1. Install DPE-Master 2_3 using pacman, as specified on DPE page.
2. It will create a setup.sh file for you in your prod-ops directory with these contents,
export PROD_OPS=`pwd`
export DPE_PATH=<<DPEClientPath>>
export GLOBUS_PATH=$DPE_PATH/globus
source $DPE_PATH/setup.sh
export MOP_DIR=$PROD_OPS
#
##MOP Staging Setup
#
#Stage-in
#
# Set this flag true if you like your input data file to be staged in from dCache directly
export MOP_DCACHE_STAGEIN_FLAG=true
#
#Provide the dCache host and Path of the input files.
#iExample: For assignment 3921, the input fz files were generated by assignment 3417
export
MOP_DCACHE_STAGEIN_HOST=cmsgridftp.fnal.gov
export MOP_DCACHE_STAGEIN_PATH=/prod/PCP/3417/data         
<-------- pre-existing directory (in dCache mind mount point (/pnfs/cms for FNAL) )
#
#Stage-out
#
export MOP_LOG_STAGEOUT_HOST
=cmsgridftp.fnal.gov
export MOP_DATA_STAGEOUT_HOST=cmsgridftp.fnal.gov
export MOP_MASTER_HOST=`hostname`
export MOP_LOG_GUC_DIR=/prod/PCP/validation/test/anzar/log        <-------- pre-create this directory (in dCache mind mount point)
export MOP_DATA_GUC_DIR=/prod/PCP/validation/test/anzar/data    <-------- pre-create this directory (in dCache mind mount point)
#
## McRunjob setup
#
export PROD_RESOURCES=$PROD_OPS/McRunjob/cms/ImpalaLite
export TrackingPath=$PROD_OPS/McRunjob/cms/ImpalaLite/cms_db
export MC_RUNJOB_PATH=$PROD_OPS/McRunjob/mcj_scripts/IMPLite
export localCacheArea=$PROD_OPS/McRunjob/mcj_scripts/IMPLite/localCache     <--------- pre-create this directory
export PYTHONPATH=$PROD_OPS/mop_submitter:$PROD_OPS/McRunjob/py_script
export commonOutDir=$PROD_OPS/IGT-tests/commonOutDir
export MOP_MATCHMAKER_URL=<<match-maker-hostname>>:/jobmanager-condor         <<---------------  This is a new variable

Note: In general the match-maker-hostname is same as the MOP master host. Also one could use only jobmanager (fork) but using a jobmanager-condor (condor) is highly recomended, even if that means setting up condor for local host only.
3. Source setup.sh

4. Make sure if you are user "X" then your DN is mapped to your used-id "X" in the grid-mapfile on the gatekeeper specified by MOP_MATCHMAKER_URL above (in general on MOP Master). This is not required on other worker nodes. Yujun Wu (yujun@fnal.gov) or VOMS manager should be contacted to make sure this happens on your MOP Master. Without meeting this condition, Match maker might not function.

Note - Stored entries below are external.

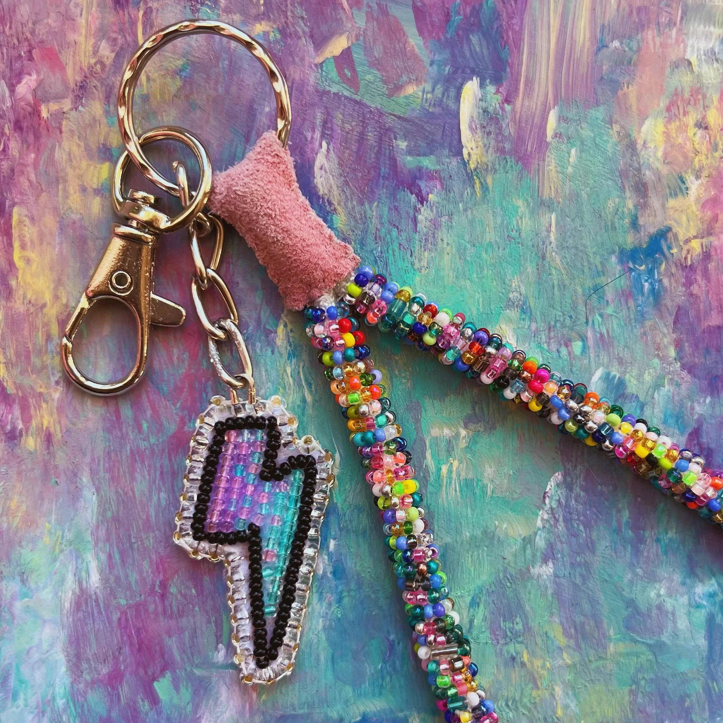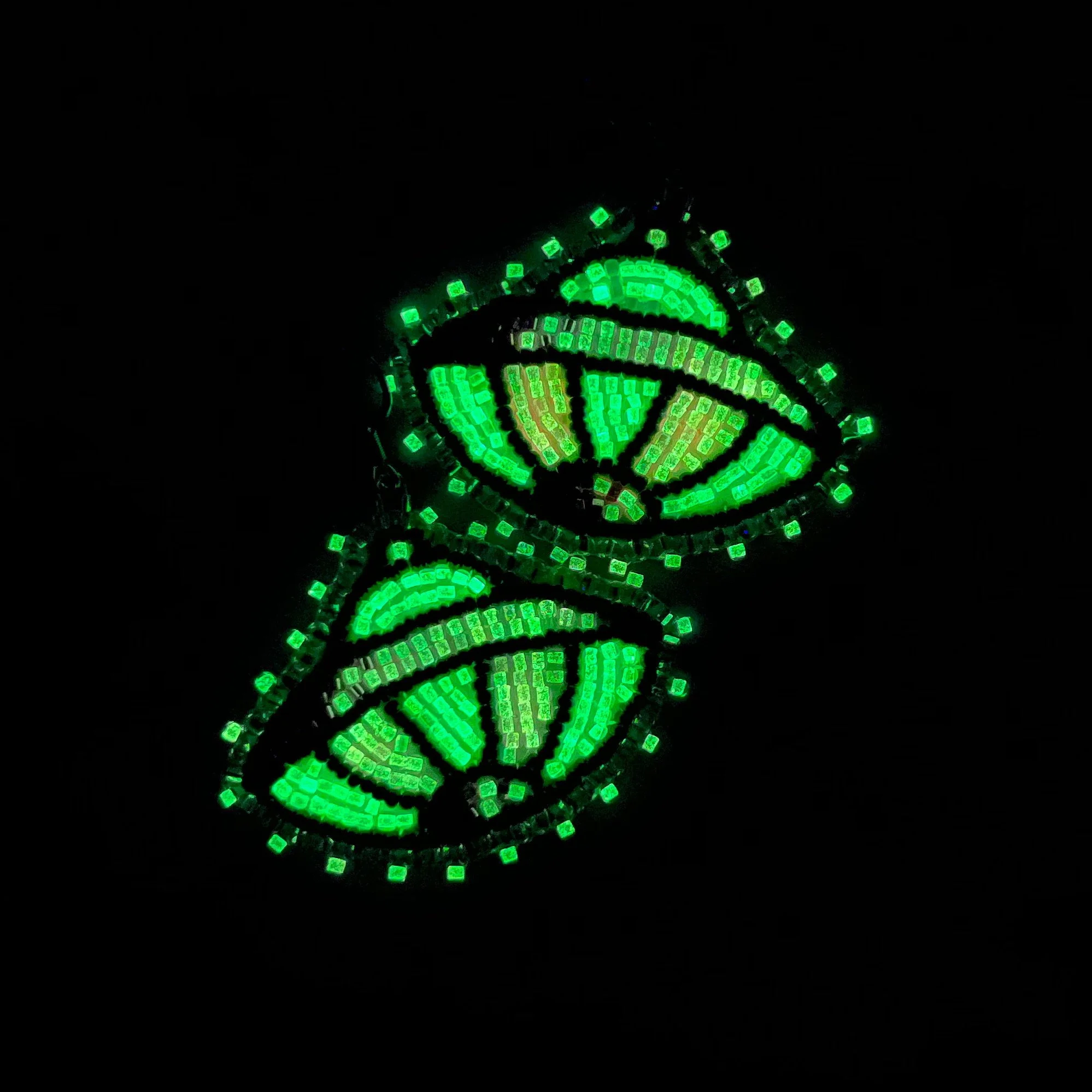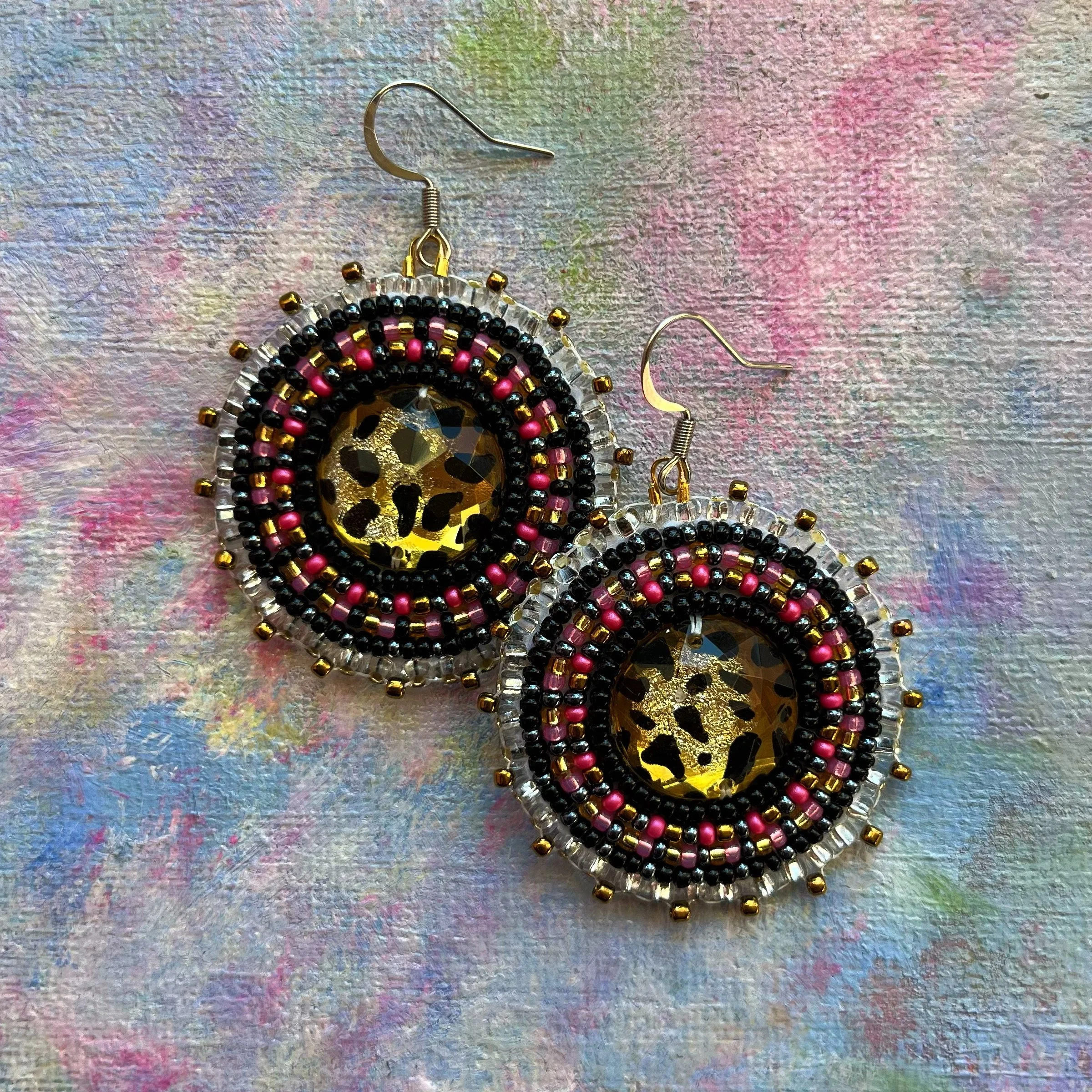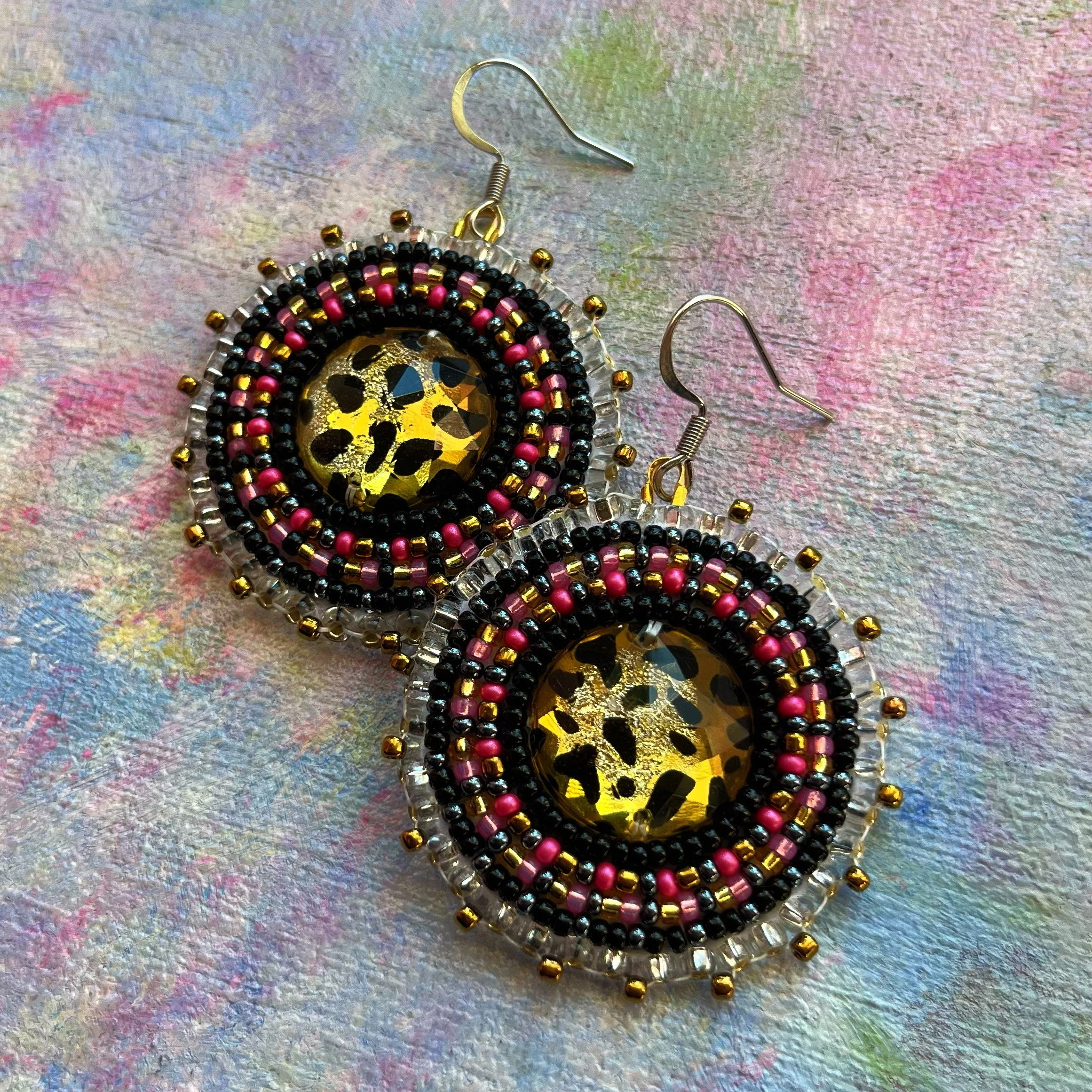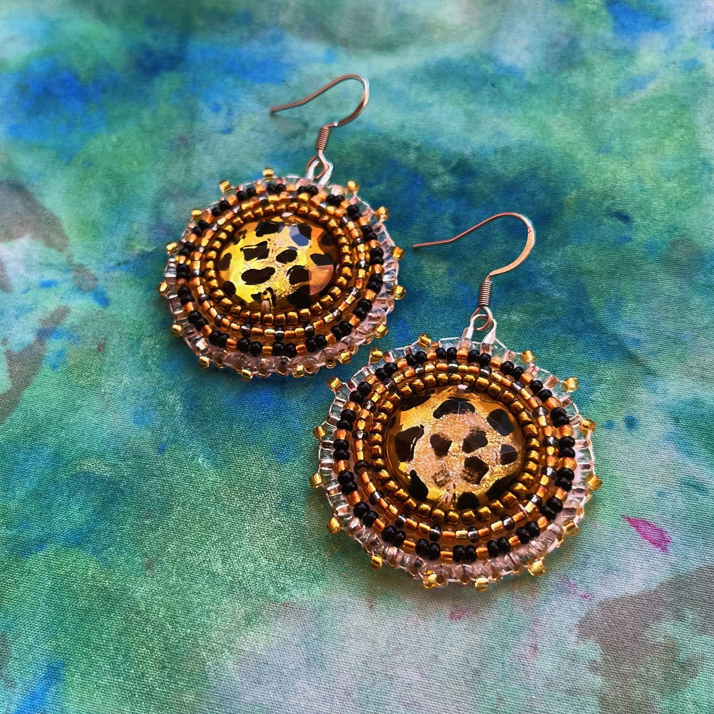 Beaded by hand with 11/0 glass seed beads and backed with white vinyl felt on hypoallergenic surgical steel hooks.
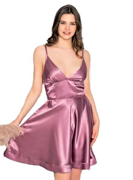 Marti Homewear & Lingerie - فستان نوم قصير انيق من الساتان مع رقبة V عميقة وصورة ظلية فضفاضة للنساء من مارتي هوم وير اند لانجري 4292
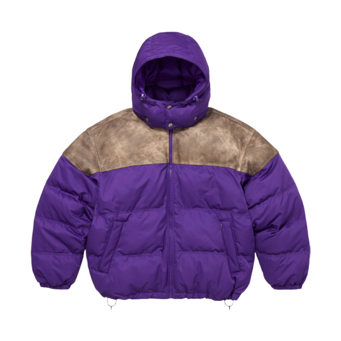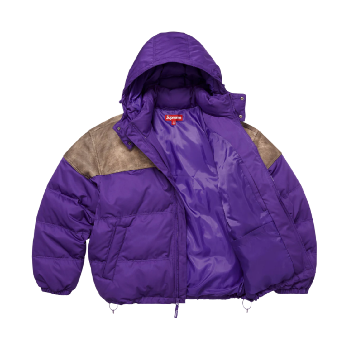 Supreme Leather Yoke Puffer Jacket Purple - 25FW
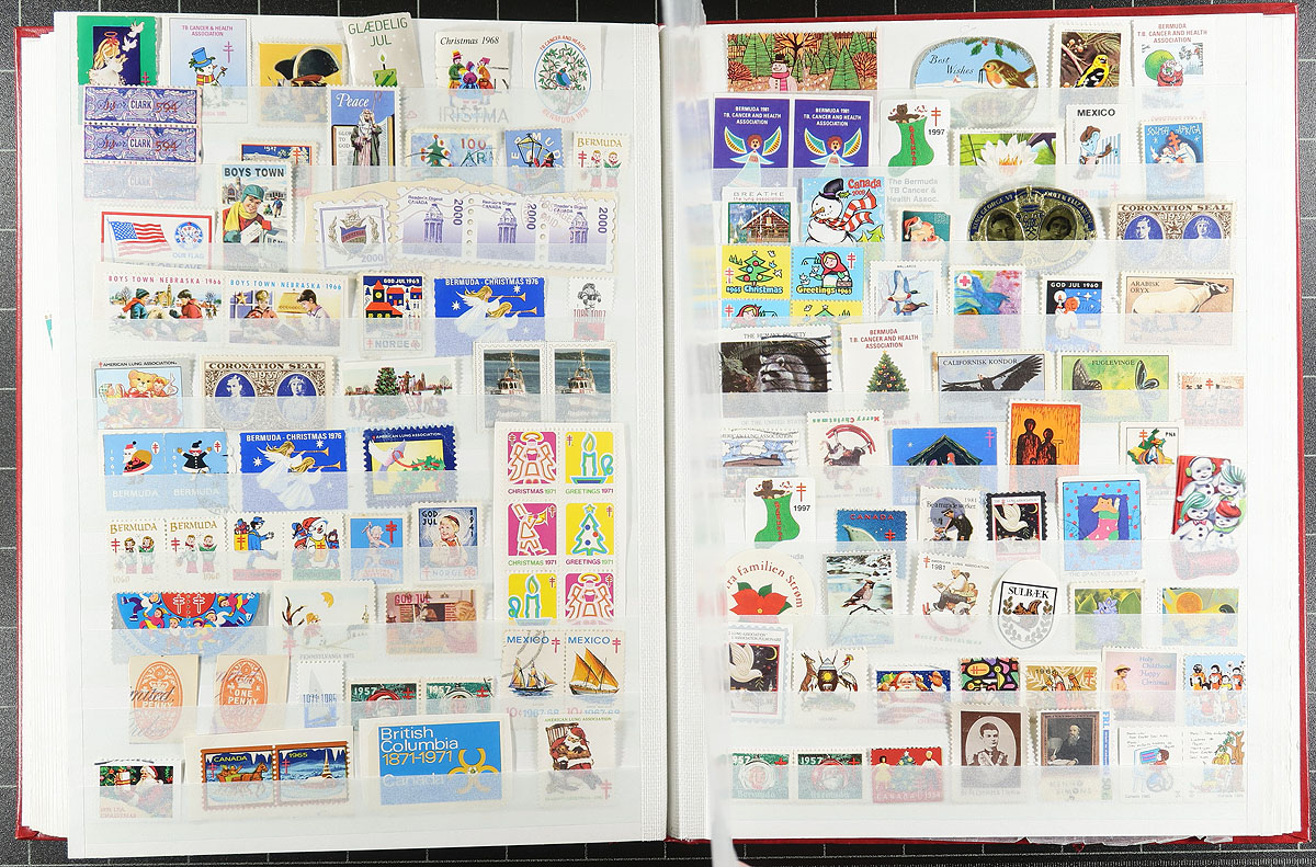 A pair of red stockbooks, both by Unitrade (one a 32-page, the other an old-stock 48 page) with different "end of consignment" offerings that although were not quite powerful on their own, combined make for an enticing offer. The first stockbook (32-page) is United Nations / Cinderella offering, with nicely curated lifetime mint UN collection, complete to 1983 for regular issues as well as the later Geneva and Vienna, with 711 different stamps (after 1983, both mint and used), followed by 624 mixed Cinderella / Label stamps and an sheet of "US Presidents" (for those thinking of being nostalgic for H.E. Harris approvals). The second stockbook (48-page) is the "World" with 23 countries, strength in USA to 1975, Japan, Yugoslavia, Mongolia and Turkey with 2789 different mint and used, plus 2 miniature sheets. All well organized by a meticulous collector. Estimate =

5. cd mop_submitter and run
./mop_matchmaker_monitor.py --scheduler --group_size = 20
This will start Condor_G Match-Maker. Verify by running condor_q. This process should always be running.
Take special care when using wild-cards to with condor_rm not to remove this process too. If it happens just restart it as mentioned here.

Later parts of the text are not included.